JPH0527306U - Fluid pressure cylinder with speed control mechanism - Google Patents

Abstract

(57) [Abstract] [Purpose] To provide a fluid pressure cylinder with a speed control mechanism having a short axial length. A hollow portion 10 opening to a pressure chamber 17 on the head side and a diameter-increasing portion 11 on the rod side are formed in a piston rod 9, and a hollow ventilation mandrel 5 is loosely inserted in the hollow portion 10 in a head cover 3,
The rod cover 4 is provided with the recesses 6 that open to the pressure chambers 18 on the rod side, and the axial length is approximately equal to the stroke of the piston 8 and the cross-sectional area is a sinusoidal curve on the outer peripheral surfaces of the ventilation mandrel 5 and the expanded diameter portion 11. Grooves 5a and 11a that change in shape are provided to bring the rings 12 and 13 into contact with their outer peripheral surfaces. [Effect] Since the ventilation mandrel is inserted into the hollow portion provided on the head side of the piston rod, the axial length of the cylinder can be significantly shortened.

Description

[Detailed description of the device]

[0001]

[Industrial applications]

 The present invention relates to a fluid pressure cylinder having a piston speed control mechanism.

[0002]

[Prior Art]

 The inventors of the present invention have previously proposed, in Japanese Patent Application No. 2-8 9800, a fluid pressure cylinder with a speed control mechanism that can shorten the stroke time without abrupt fluctuation of the piston speed. The proposed fluid pressure cylinder is suitable for moving easily damaged workpieces such as semiconductor wafers because the piston does not have rapid velocity fluctuations. If the mechanism is provided on both sides of the piston, there is a problem that the axial length of the fluid pressure cylinder becomes long.

[0003]

[Problems to be solved by the device]

 The problem to be solved by the present invention is to provide a fluid pressure cylinder in which the moving speed of the piston in both directions can be controlled and the axial length can be shortened.

[0004]

[Means for Solving the Problems]

 In order to solve the above problems, a fluid pressure cylinder with a speed control mechanism of the present invention includes a cylinder, a piston that slides in the cylinder, and a piston rod, and a pair of pressure chambers partitioned by a piston from a pair of ports.

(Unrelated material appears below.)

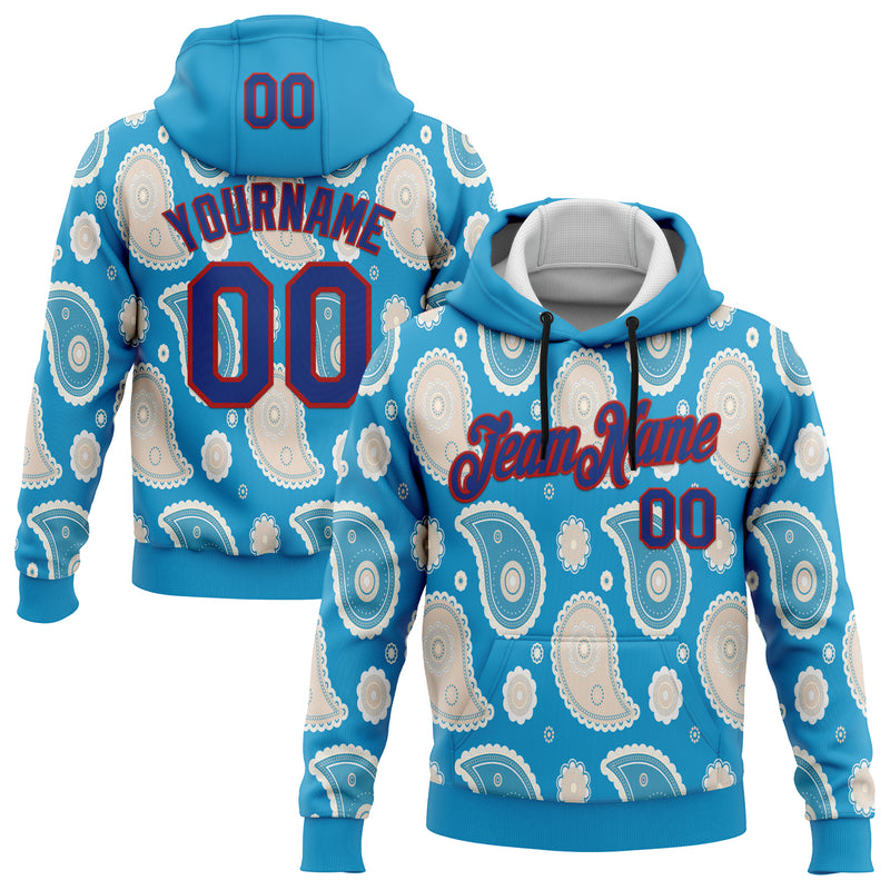 Custom Stitched Panther Blue US Navy Blue-Red 3D Pattern Design Ethnic Paisley Floral Bandana Sports Pullover Sweatshirt Hoodie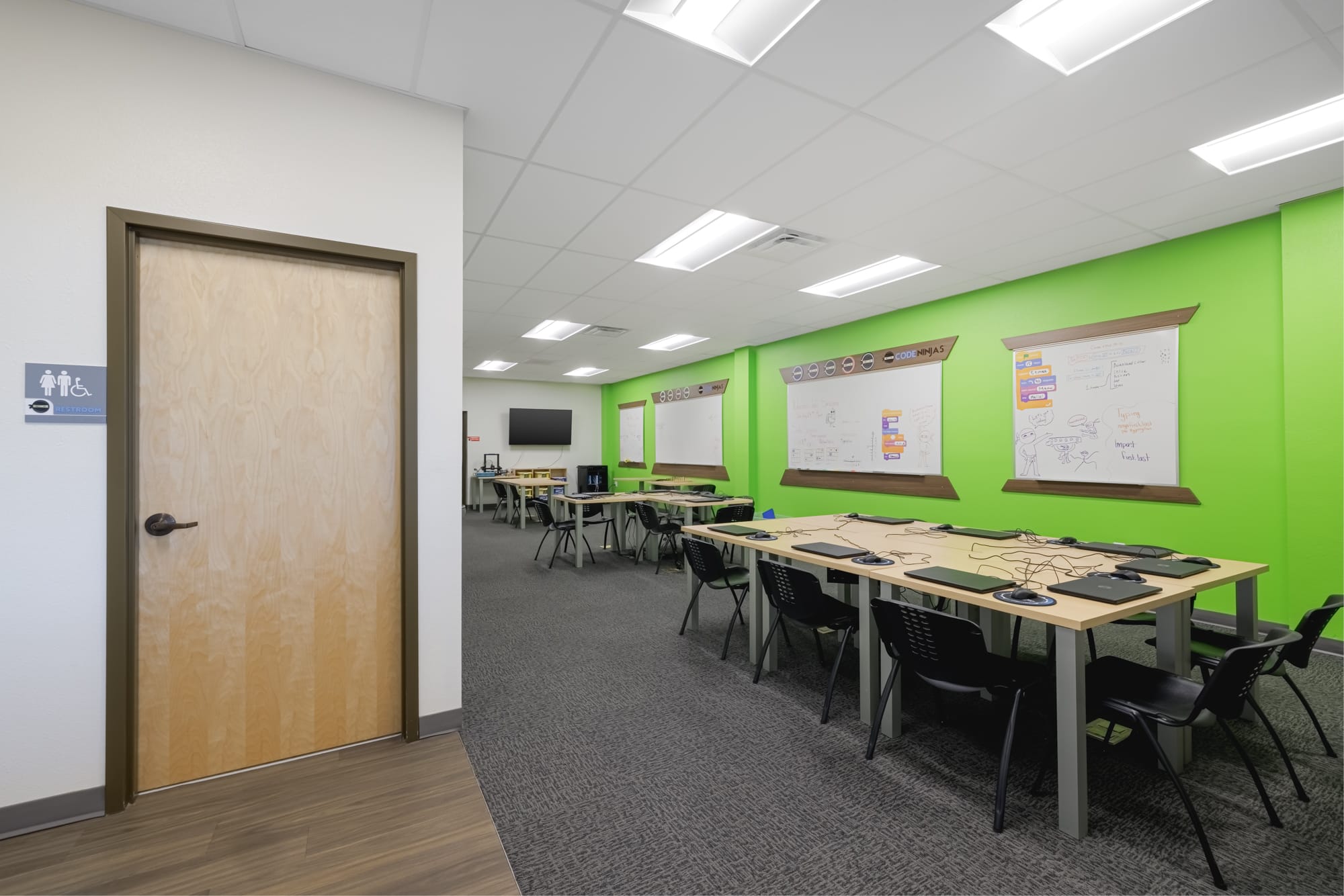 This image provides a clear side view of the Dojo’s flexible layout, showcasing how the tables can be moved to accommodate different class sizes and activities. It also shows the continuity of the design, with the light wood door and clean white wall treatment transitioning seamlessly from the lobby area into the learning space.

In a fluid pressure cylinder that supplies and discharges pressure fluid to and from the piston and piston rod to reciprocate, the head cover of the cylinder has a hollow ventilation mandrel whose one end communicates with a port on the head side, and the rod cover has a rod cover. Each of the piston rods has a hollow portion communicating with the port on the side and opening to the pressure chamber on the rod side. Equipped with a rod-side expanded portion that is loosely inserted, and the ventilation mandrel and expanded portion have an axial length on the outer peripheral surface that is approximately equal to the piston stroke, and the cross-sectional area changes smoothly. Provided with a groove, the hollow portion and the recess, is characterized in that it comprises a contact with the ring on the outer peripheral surface of the vent stem and the enlarged diameter portion to the opening to the pressure chamber. In addition, in order to solve the same problem, it is characterized in that the cross-sectional area of the groove is gradually increased from both ends toward the center or changed in a sinusoidal shape.

[0005]

[Action]

 The pressure fluid supplied from the port is supplied to the pressure chamber through the groove formed in the expanded diameter portion of the ventilation mandrel or the piston rod. In this case, since the cross-sectional area of the groove changes smoothly, the speed of the piston does not suddenly change, and the stroke time can be shortened. In addition, since a hollow vent core that communicates with the port on the head side is loosely inserted in the hollow part provided on the piston rod, there is no need to provide an expanded diameter part on the head side of the piston. The length can be greatly shortened.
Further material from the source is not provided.